> ASSIGNMENT: Print the data exactly as written, line for line, and leave its pictures behind.

··· DATA TO USE ···

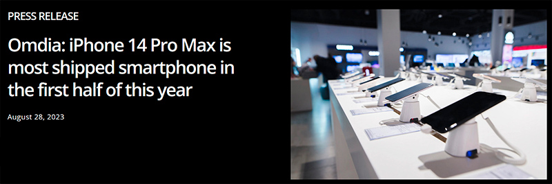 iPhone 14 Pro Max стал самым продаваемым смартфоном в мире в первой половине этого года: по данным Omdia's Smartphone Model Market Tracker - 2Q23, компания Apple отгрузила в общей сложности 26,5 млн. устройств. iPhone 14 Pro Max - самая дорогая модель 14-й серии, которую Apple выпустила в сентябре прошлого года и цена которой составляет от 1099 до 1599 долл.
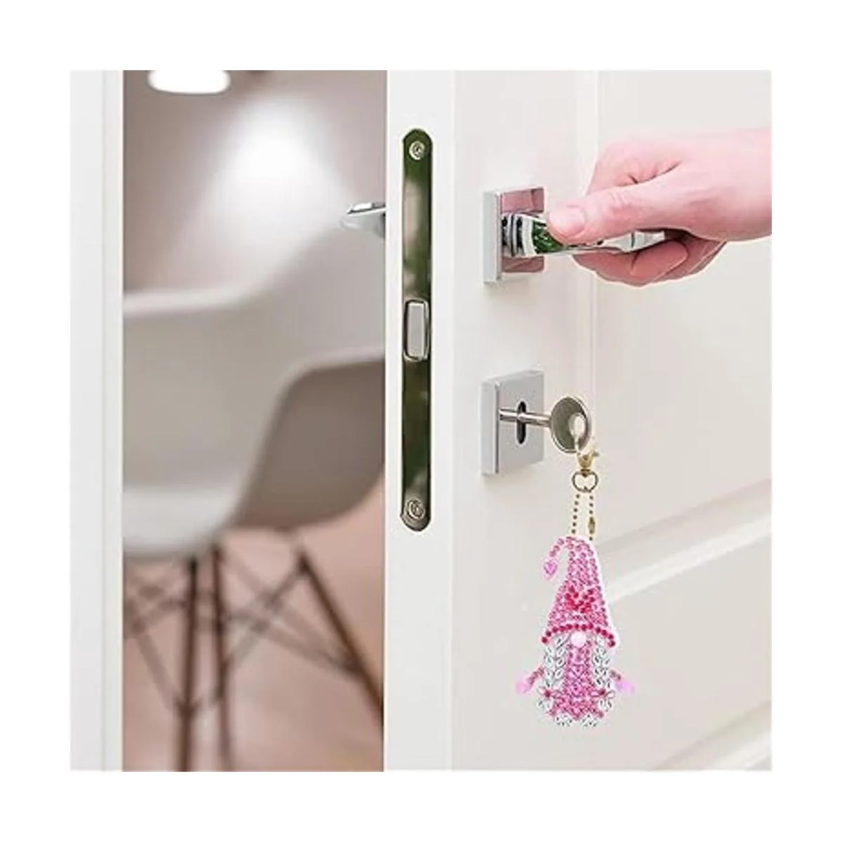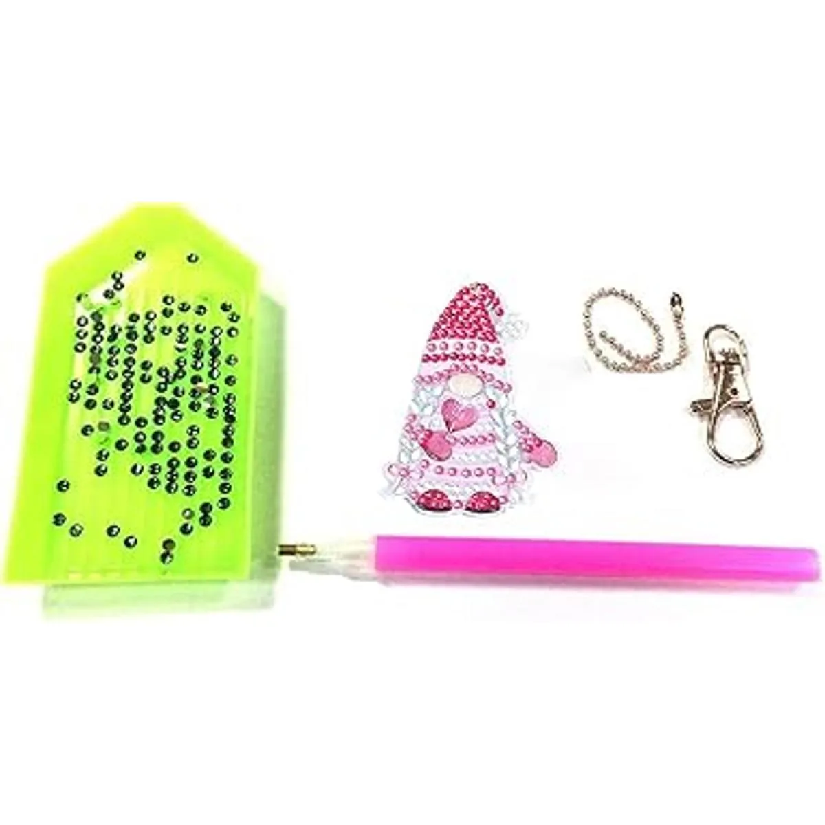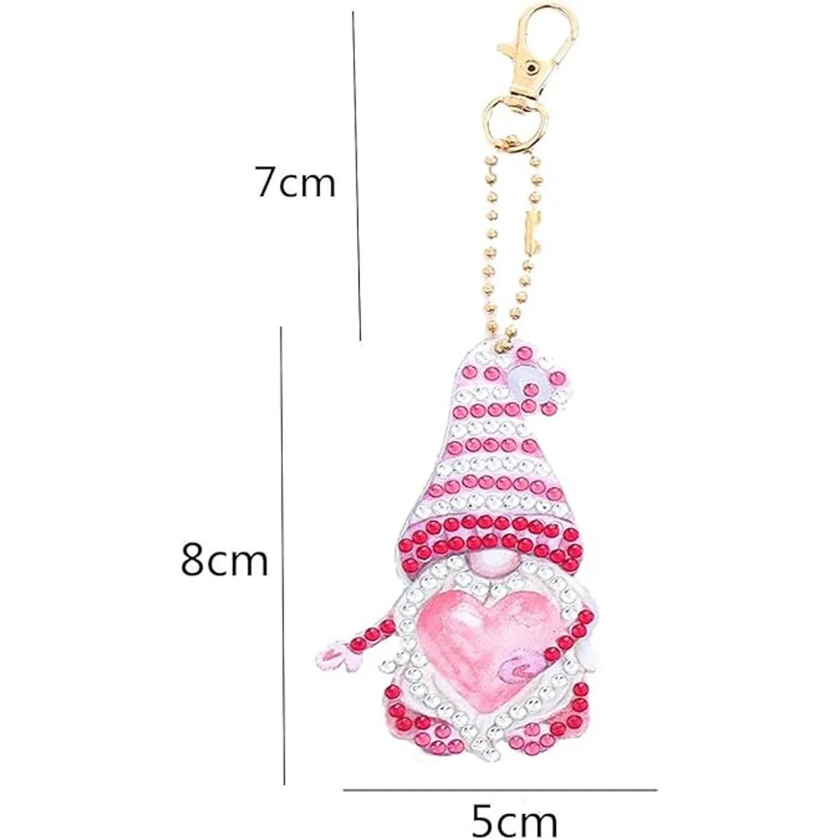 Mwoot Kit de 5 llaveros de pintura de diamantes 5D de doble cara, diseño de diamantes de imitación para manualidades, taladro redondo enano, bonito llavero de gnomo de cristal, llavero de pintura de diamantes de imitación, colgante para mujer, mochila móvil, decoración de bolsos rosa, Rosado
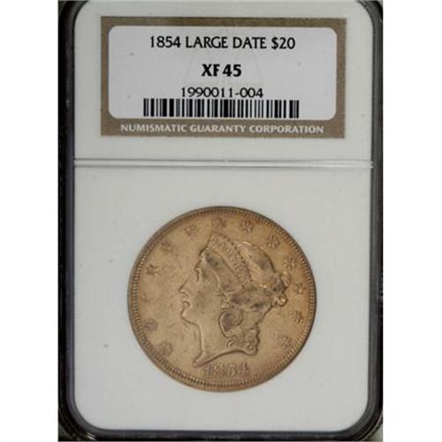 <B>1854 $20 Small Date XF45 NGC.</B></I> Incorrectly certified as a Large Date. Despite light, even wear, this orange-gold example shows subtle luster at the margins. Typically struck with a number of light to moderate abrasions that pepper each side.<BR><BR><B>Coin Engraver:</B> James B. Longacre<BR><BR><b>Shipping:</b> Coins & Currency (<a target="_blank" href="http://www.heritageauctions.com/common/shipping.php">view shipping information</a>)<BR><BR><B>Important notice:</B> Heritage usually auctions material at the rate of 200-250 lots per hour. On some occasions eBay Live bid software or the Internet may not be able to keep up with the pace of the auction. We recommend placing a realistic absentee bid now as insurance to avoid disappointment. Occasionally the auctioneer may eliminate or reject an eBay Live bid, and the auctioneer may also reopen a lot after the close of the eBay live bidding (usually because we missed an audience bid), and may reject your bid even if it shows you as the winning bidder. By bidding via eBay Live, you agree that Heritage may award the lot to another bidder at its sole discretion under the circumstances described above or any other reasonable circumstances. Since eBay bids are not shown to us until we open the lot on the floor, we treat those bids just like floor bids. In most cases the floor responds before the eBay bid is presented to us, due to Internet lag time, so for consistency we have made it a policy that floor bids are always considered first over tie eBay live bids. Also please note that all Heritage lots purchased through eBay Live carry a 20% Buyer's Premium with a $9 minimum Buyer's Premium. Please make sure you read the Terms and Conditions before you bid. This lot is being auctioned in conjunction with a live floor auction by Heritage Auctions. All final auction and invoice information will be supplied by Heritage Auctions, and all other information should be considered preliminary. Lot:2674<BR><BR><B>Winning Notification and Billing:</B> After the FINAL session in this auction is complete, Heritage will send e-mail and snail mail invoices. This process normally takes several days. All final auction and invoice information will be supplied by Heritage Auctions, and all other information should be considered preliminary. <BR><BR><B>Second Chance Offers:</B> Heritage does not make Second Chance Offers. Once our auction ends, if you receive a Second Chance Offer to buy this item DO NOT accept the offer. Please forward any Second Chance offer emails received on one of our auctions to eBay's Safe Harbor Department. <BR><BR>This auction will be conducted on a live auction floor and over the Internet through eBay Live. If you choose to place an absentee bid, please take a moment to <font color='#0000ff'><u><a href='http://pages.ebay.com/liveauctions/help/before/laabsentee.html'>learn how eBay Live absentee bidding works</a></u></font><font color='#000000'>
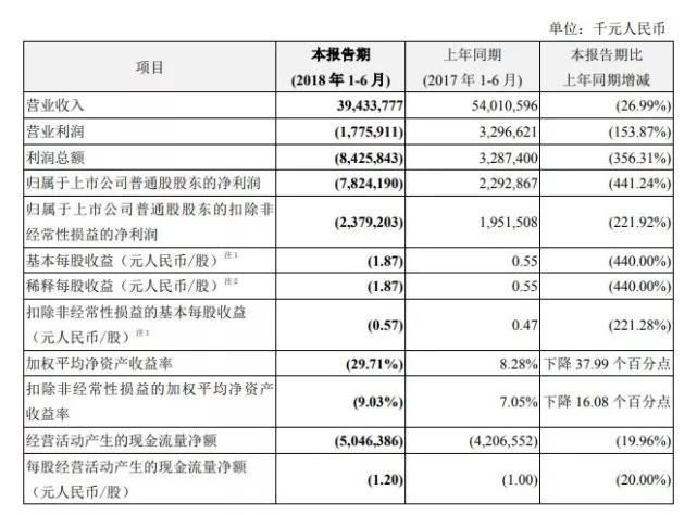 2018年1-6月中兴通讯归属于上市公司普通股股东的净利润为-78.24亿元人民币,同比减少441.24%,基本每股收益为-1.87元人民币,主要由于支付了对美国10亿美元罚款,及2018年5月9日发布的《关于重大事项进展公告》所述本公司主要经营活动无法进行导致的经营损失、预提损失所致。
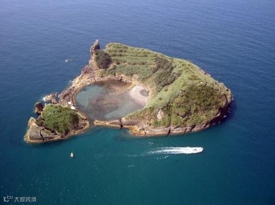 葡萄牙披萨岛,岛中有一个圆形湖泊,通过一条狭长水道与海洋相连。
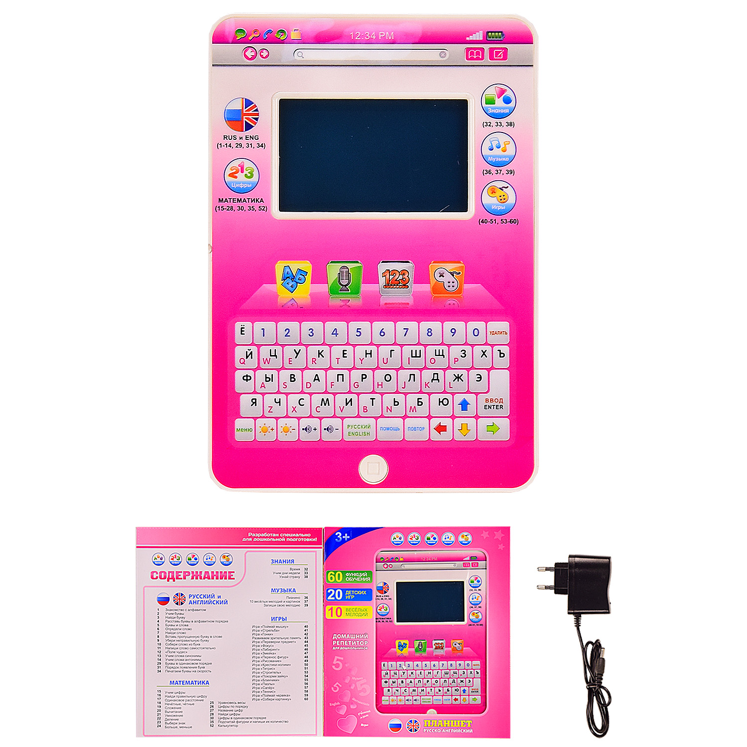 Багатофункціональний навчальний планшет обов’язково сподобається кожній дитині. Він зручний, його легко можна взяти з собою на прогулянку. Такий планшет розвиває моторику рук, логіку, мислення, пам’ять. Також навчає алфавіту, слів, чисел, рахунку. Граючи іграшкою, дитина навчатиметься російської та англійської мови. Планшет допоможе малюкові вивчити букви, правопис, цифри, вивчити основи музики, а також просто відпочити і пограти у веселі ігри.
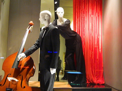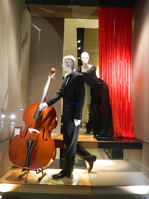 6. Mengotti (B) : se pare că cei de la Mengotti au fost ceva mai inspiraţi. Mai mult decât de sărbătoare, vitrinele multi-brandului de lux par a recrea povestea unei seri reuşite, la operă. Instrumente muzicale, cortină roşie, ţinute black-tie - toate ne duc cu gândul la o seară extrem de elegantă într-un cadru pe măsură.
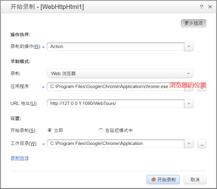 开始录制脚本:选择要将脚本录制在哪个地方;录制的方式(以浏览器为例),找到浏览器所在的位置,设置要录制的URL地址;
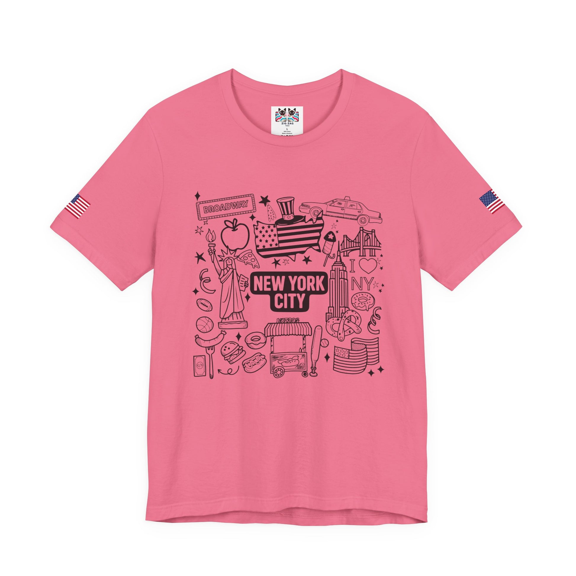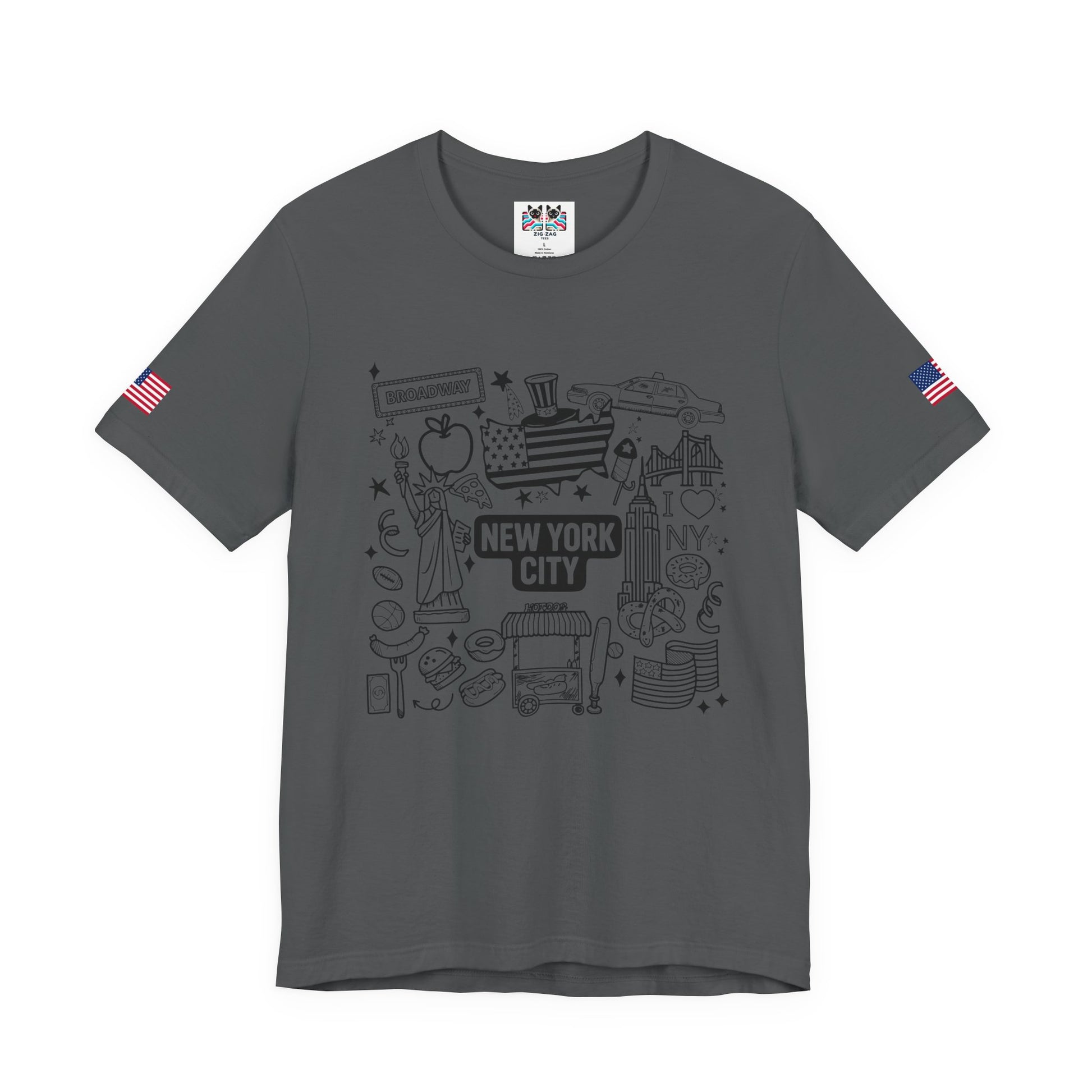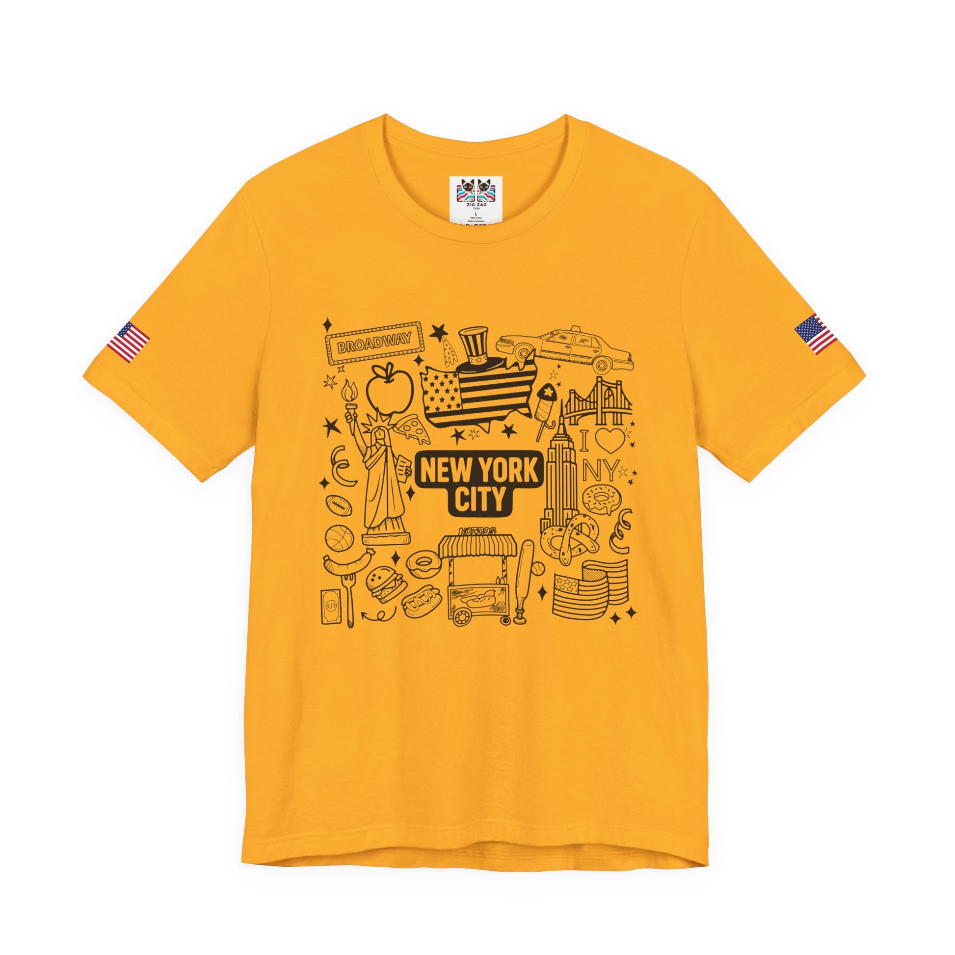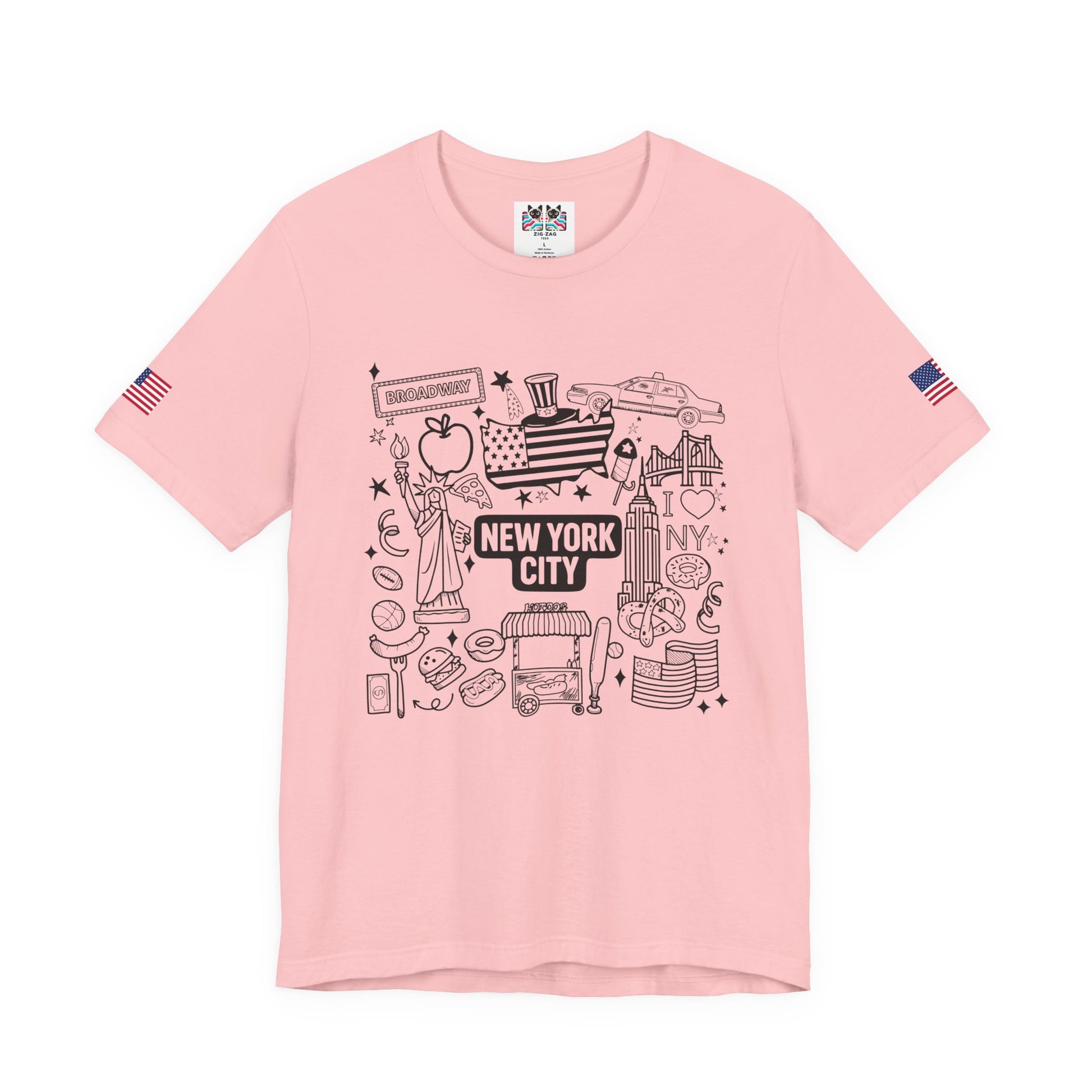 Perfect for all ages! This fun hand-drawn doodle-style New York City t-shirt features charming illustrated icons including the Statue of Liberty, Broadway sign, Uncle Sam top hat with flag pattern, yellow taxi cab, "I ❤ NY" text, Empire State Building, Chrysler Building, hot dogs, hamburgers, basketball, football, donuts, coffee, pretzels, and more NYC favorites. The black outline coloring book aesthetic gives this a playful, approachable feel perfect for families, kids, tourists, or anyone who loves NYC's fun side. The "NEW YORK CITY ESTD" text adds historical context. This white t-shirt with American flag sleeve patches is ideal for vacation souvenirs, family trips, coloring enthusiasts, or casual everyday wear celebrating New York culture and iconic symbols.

···

> COMPLETED TASK:
 iPhone 14 Pro Max стал самым продаваемым смартфоном в мире в первой половине этого года: по данным Omdia's Smartphone Model Market Tracker - 2Q23, компания Apple отгрузила в общей сложности 26,5 млн. устройств. iPhone 14 Pro Max - самая дорогая модель 14-й серии, которую Apple выпустила в сентябре прошлого года и цена которой составляет от 1099 до 1599 долл.
 Mwoot Kit de 5 llaveros de pintura de diamantes 5D de doble cara, diseño de diamantes de imitación para manualidades, taladro redondo enano, bonito llavero de gnomo de cristal, llavero de pintura de diamantes de imitación, colgante para mujer, mochila móvil, decoración de bolsos rosa, Rosado
 <B>1854 $20 Small Date XF45 NGC.</B></I> Incorrectly certified as a Large Date. Despite light, even wear, this orange-gold example shows subtle luster at the margins. Typically struck with a number of light to moderate abrasions that pepper each side.<BR><BR><B>Coin Engraver:</B> James B. Longacre<BR><BR><b>Shipping:</b> Coins & Currency (<a target="_blank" href="http://www.heritageauctions.com/common/shipping.php">view shipping information</a>)<BR><BR><B>Important notice:</B> Heritage usually auctions material at the rate of 200-250 lots per hour. On some occasions eBay Live bid software or the Internet may not be able to keep up with the pace of the auction. We recommend placing a realistic absentee bid now as insurance to avoid disappointment. Occasionally the auctioneer may eliminate or reject an eBay Live bid, and the auctioneer may also reopen a lot after the close of the eBay live bidding (usually because we missed an audience bid), and may reject your bid even if it shows you as the winning bidder. By bidding via eBay Live, you agree that Heritage may award the lot to another bidder at its sole discretion under the circumstances described above or any other reasonable circumstances. Since eBay bids are not shown to us until we open the lot on the floor, we treat those bids just like floor bids. In most cases the floor responds before the eBay bid is presented to us, due to Internet lag time, so for consistency we have made it a policy that floor bids are always considered first over tie eBay live bids. Also please note that all Heritage lots purchased through eBay Live carry a 20% Buyer's Premium with a $9 minimum Buyer's Premium. Please make sure you read the Terms and Conditions before you bid. This lot is being auctioned in conjunction with a live floor auction by Heritage Auctions. All final auction and invoice information will be supplied by Heritage Auctions, and all other information should be considered preliminary. Lot:2674<BR><BR><B>Winning Notification and Billing:</B> After the FINAL session in this auction is complete, Heritage will send e-mail and snail mail invoices. This process normally takes several days. All final auction and invoice information will be supplied by Heritage Auctions, and all other information should be considered preliminary. <BR><BR><B>Second Chance Offers:</B> Heritage does not make Second Chance Offers. Once our auction ends, if you receive a Second Chance Offer to buy this item DO NOT accept the offer. Please forward any Second Chance offer emails received on one of our auctions to eBay's Safe Harbor Department. <BR><BR>This auction will be conducted on a live auction floor and over the Internet through eBay Live. If you choose to place an absentee bid, please take a moment to <font color='#0000ff'><u><a href='http://pages.ebay.com/liveauctions/help/before/laabsentee.html'>learn how eBay Live absentee bidding works</a></u></font><font color='#000000'>
 2018年1-6月中兴通讯归属于上市公司普通股股东的净利润为-78.24亿元人民币,同比减少441.24%,基本每股收益为-1.87元人民币,主要由于支付了对美国10亿美元罚款,及2018年5月9日发布的《关于重大事项进展公告》所述本公司主要经营活动无法进行导致的经营损失、预提损失所致。
 葡萄牙披萨岛,岛中有一个圆形湖泊,通过一条狭长水道与海洋相连。
 Багатофункціональний навчальний планшет обов’язково сподобається кожній дитині. Він зручний, його легко можна взяти з собою на прогулянку. Такий планшет розвиває моторику рук, логіку, мислення, пам’ять. Також навчає алфавіту, слів, чисел, рахунку. Граючи іграшкою, дитина навчатиметься російської та англійської мови. Планшет допоможе малюкові вивчити букви, правопис, цифри, вивчити основи музики, а також просто відпочити і пограти у веселі ігри.
 6. Mengotti (B) : se pare că cei de la Mengotti au fost ceva mai inspiraţi. Mai mult decât de sărbătoare, vitrinele multi-brandului de lux par a recrea povestea unei seri reuşite, la operă. Instrumente muzicale, cortină roşie, ţinute black-tie - toate ne duc cu gândul la o seară extrem de elegantă într-un cadru pe măsură.
 开始录制脚本:选择要将脚本录制在哪个地方;录制的方式(以浏览器为例),找到浏览器所在的位置,设置要录制的URL地址;
 Perfect for all ages! This fun hand-drawn doodle-style New York City t-shirt features charming illustrated icons including the Statue of Liberty, Broadway sign, Uncle Sam top hat with flag pattern, yellow taxi cab, "I ❤ NY" text, Empire State Building, Chrysler Building, hot dogs, hamburgers, basketball, football, donuts, coffee, pretzels, and more NYC favorites. The black outline coloring book aesthetic gives this a playful, approachable feel perfect for families, kids, tourists, or anyone who loves NYC's fun side. The "NEW YORK CITY ESTD" text adds historical context. This white t-shirt with American flag sleeve patches is ideal for vacation souvenirs, family trips, coloring enthusiasts, or casual everyday wear celebrating New York culture and iconic symbols.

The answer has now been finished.